## What is being asked
Nothing but the lines from the top of the data to the line holding "- 訂單會3天內到達店舖,客人由收到電郵表示貨已到門市後3天內到達門市自取,逾期將會收取存倉費港幣 50元/天。" should be printed, word for word and both ends included; leave the pictures out.

## Provided information
*** Block opens ***

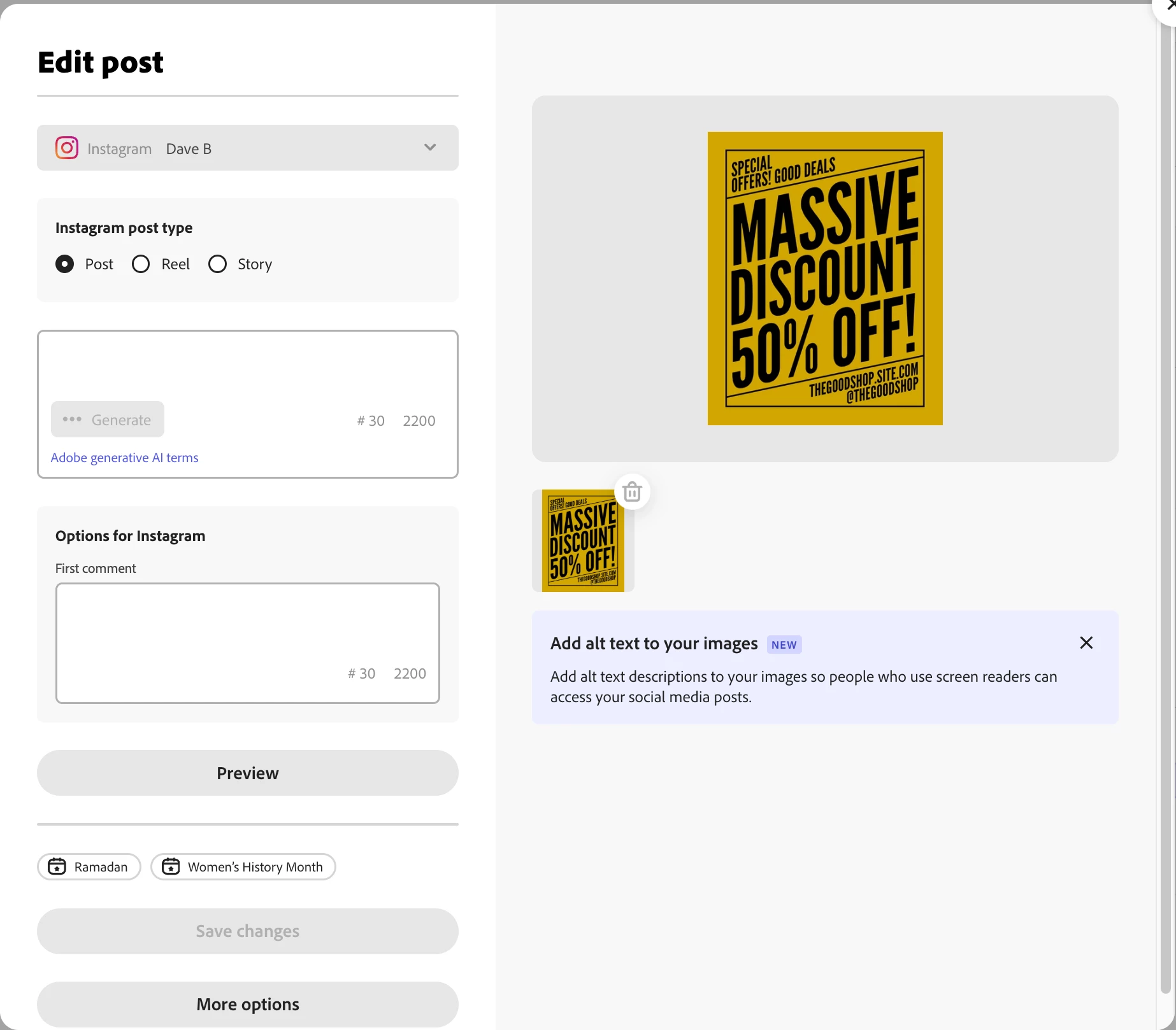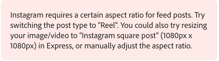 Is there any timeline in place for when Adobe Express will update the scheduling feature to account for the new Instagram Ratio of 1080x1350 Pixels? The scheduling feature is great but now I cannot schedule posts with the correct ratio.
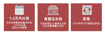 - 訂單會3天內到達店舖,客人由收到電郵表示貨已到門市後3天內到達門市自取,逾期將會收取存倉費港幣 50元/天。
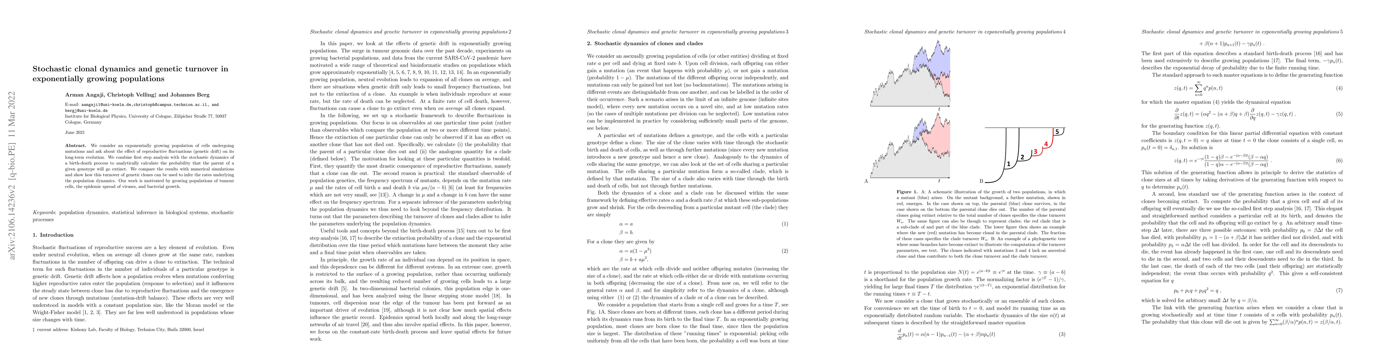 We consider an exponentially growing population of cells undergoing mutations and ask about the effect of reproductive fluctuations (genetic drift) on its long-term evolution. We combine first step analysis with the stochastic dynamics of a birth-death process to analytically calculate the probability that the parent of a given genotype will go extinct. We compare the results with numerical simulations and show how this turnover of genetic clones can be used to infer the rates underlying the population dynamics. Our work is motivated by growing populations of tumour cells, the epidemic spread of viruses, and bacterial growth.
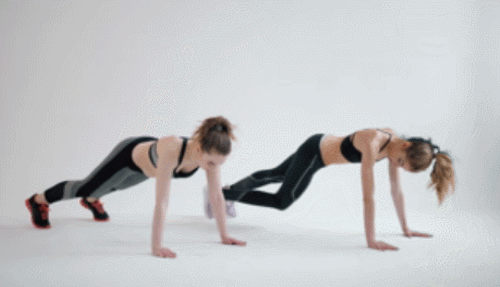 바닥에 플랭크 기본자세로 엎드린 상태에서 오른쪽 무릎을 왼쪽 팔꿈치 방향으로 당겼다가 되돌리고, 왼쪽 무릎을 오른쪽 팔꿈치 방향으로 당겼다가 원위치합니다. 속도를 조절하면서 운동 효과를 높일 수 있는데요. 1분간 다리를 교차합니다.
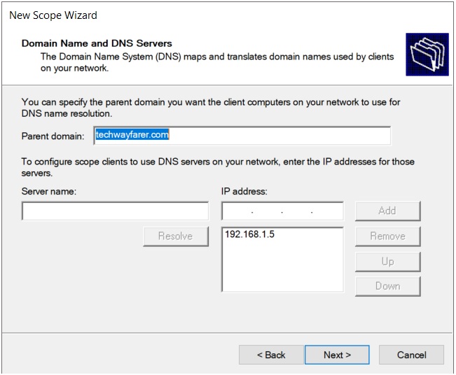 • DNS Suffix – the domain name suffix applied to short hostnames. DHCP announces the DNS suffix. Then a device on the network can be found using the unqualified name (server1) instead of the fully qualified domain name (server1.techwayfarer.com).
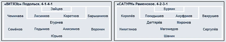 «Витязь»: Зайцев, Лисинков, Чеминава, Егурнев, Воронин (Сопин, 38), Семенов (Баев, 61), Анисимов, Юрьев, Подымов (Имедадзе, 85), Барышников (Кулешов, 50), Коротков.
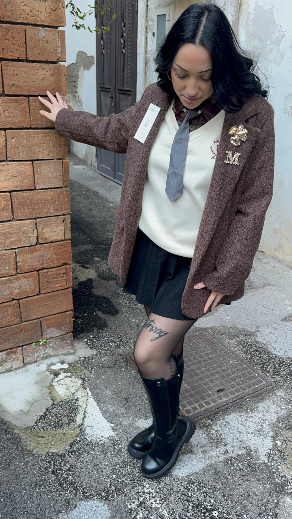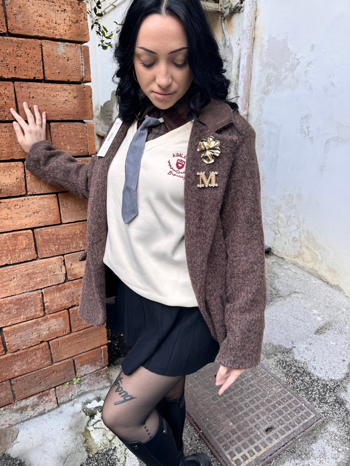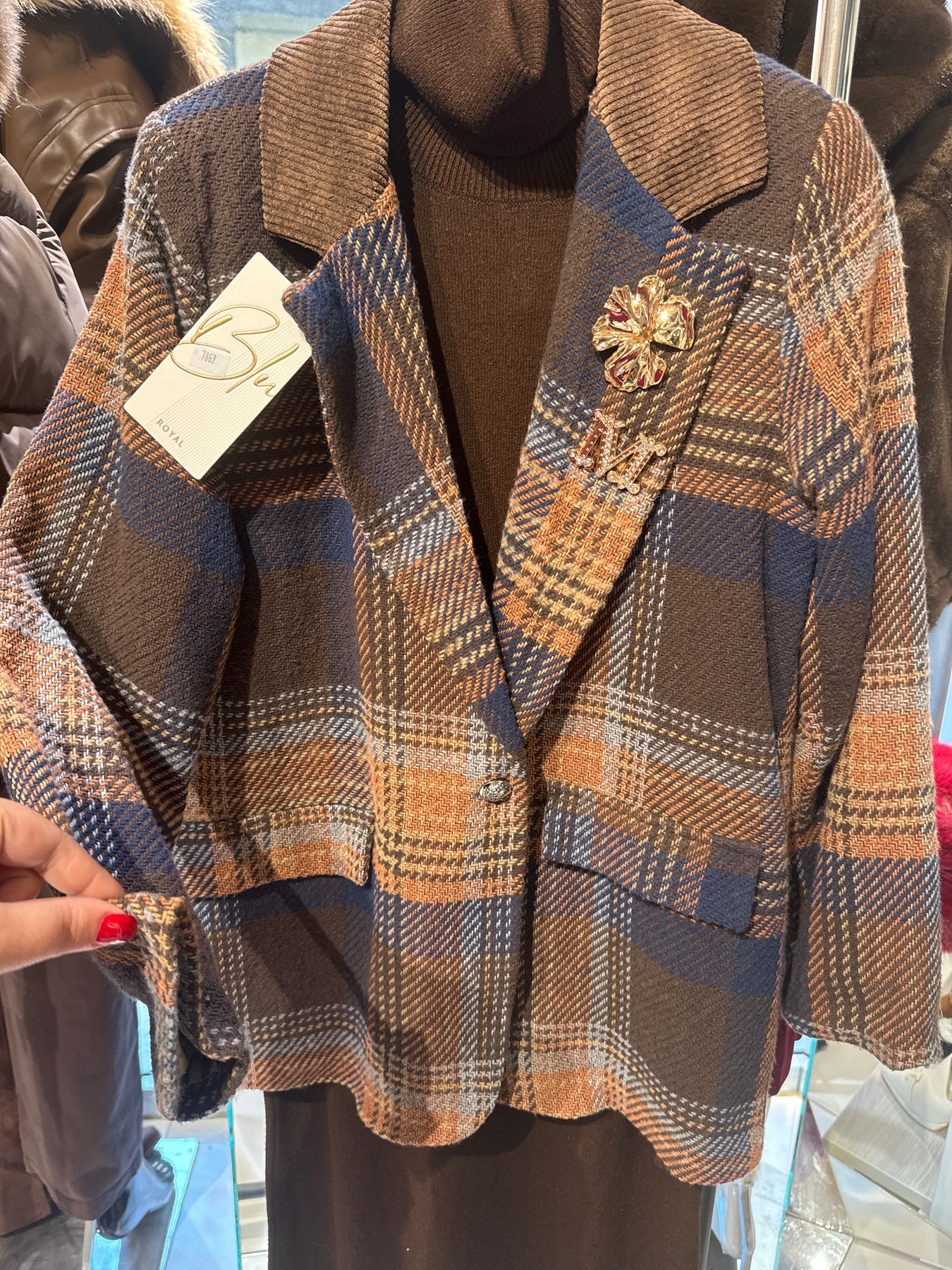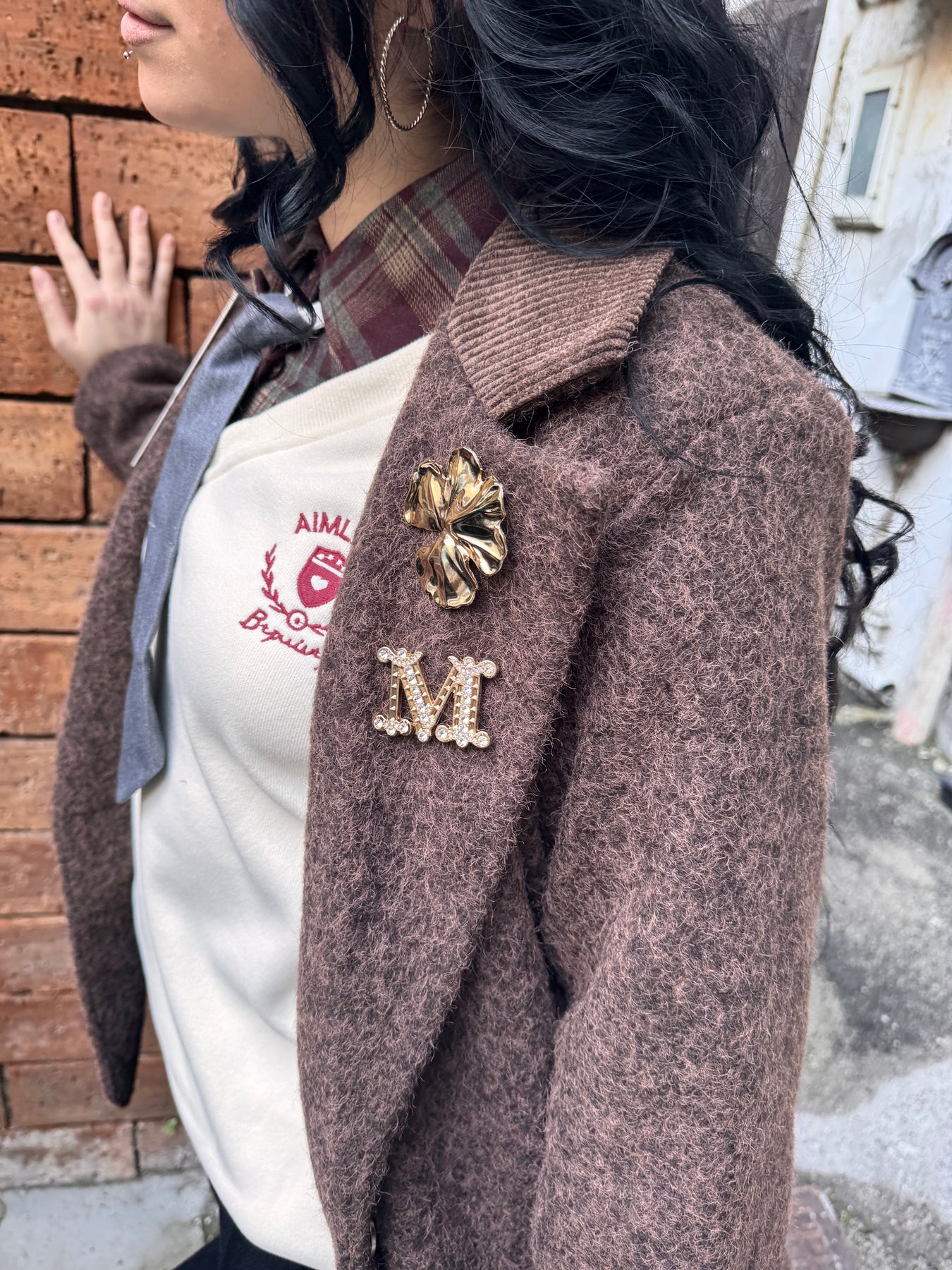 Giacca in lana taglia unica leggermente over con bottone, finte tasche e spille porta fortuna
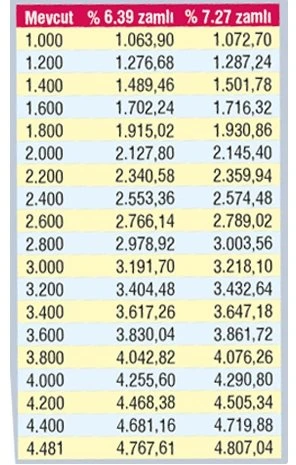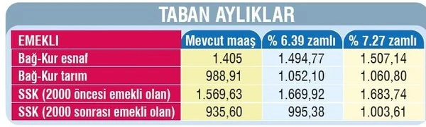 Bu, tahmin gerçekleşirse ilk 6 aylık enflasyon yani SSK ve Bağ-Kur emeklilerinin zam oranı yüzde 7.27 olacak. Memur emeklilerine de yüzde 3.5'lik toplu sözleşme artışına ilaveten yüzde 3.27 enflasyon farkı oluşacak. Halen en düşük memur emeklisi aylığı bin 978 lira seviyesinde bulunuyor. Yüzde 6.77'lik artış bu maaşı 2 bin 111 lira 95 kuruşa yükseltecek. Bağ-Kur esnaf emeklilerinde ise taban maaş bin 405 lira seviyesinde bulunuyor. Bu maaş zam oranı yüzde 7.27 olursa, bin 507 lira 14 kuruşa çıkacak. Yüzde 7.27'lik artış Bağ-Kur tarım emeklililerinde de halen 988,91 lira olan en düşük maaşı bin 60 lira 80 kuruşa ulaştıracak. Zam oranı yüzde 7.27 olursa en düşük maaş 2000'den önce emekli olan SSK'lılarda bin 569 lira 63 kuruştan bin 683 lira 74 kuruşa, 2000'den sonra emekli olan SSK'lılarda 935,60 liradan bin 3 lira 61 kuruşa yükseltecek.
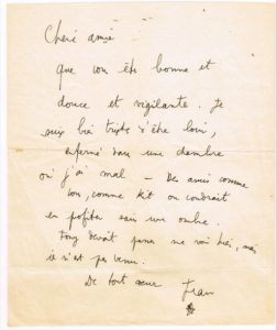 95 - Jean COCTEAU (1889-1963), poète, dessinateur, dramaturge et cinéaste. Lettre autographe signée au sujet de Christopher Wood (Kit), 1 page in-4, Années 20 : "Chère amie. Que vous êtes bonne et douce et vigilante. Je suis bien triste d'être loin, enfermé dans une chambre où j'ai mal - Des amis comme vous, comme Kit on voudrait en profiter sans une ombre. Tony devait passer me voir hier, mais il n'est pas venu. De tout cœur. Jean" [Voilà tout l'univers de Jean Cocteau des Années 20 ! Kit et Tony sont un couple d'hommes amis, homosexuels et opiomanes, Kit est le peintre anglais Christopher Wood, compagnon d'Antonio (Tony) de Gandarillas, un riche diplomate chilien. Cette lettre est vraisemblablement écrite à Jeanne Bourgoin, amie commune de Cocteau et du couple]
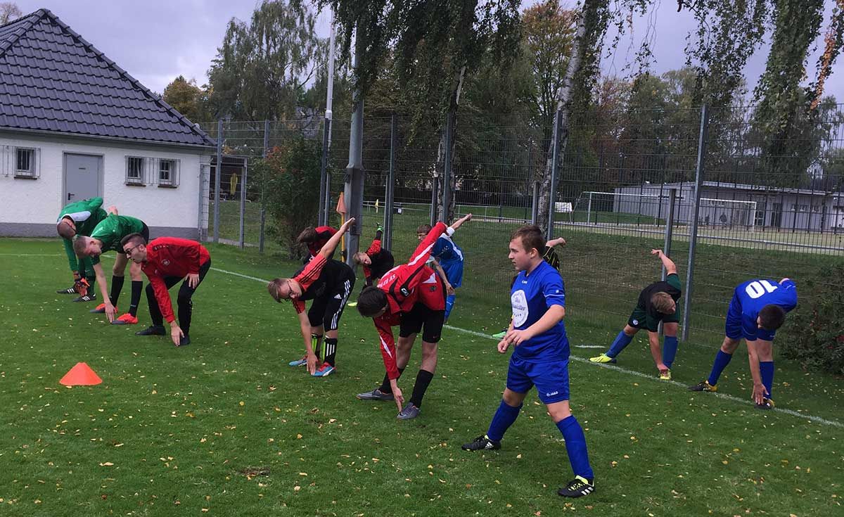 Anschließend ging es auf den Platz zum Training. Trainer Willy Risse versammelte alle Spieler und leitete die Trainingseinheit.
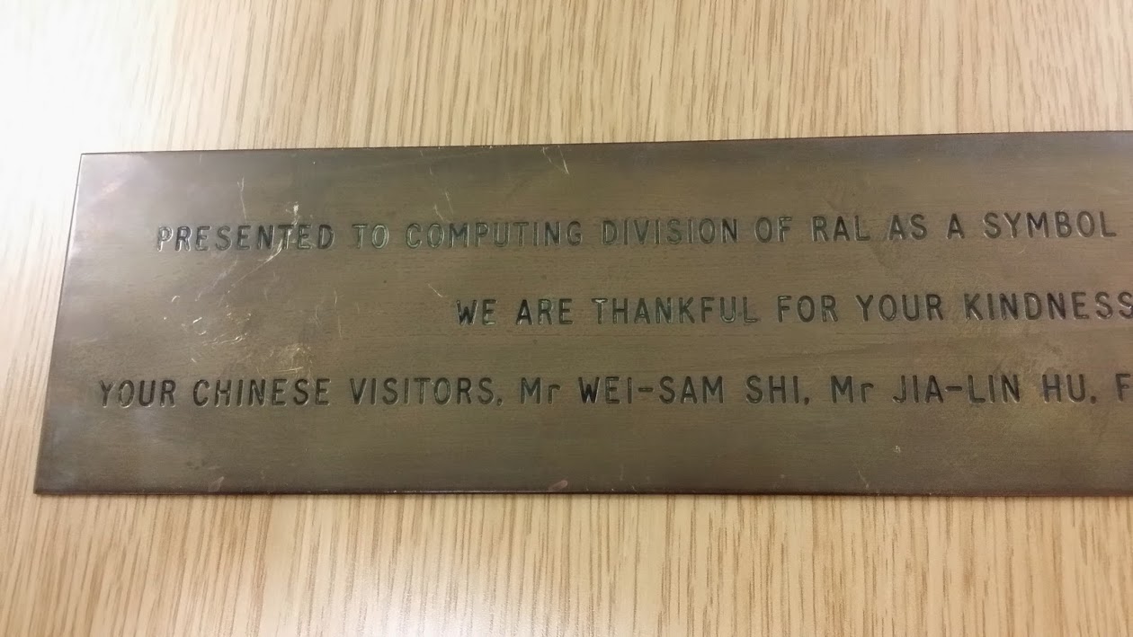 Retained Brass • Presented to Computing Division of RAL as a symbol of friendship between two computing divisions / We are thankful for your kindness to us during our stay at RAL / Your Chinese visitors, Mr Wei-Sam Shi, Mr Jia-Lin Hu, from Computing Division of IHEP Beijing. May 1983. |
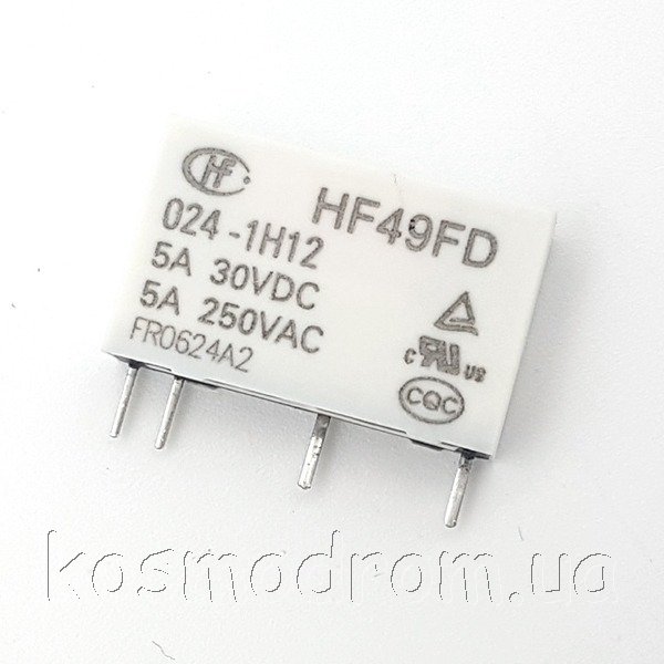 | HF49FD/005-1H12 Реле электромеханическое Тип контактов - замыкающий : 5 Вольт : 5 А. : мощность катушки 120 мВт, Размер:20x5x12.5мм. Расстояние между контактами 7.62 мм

*** Block closes ***

## Answer below
 Is there any timeline in place for when Adobe Express will update the scheduling feature to account for the new Instagram Ratio of 1080x1350 Pixels? The scheduling feature is great but now I cannot schedule posts with the correct ratio.
 - 訂單會3天內到達店舖,客人由收到電郵表示貨已到門市後3天內到達門市自取,逾期將會收取存倉費港幣 50元/天。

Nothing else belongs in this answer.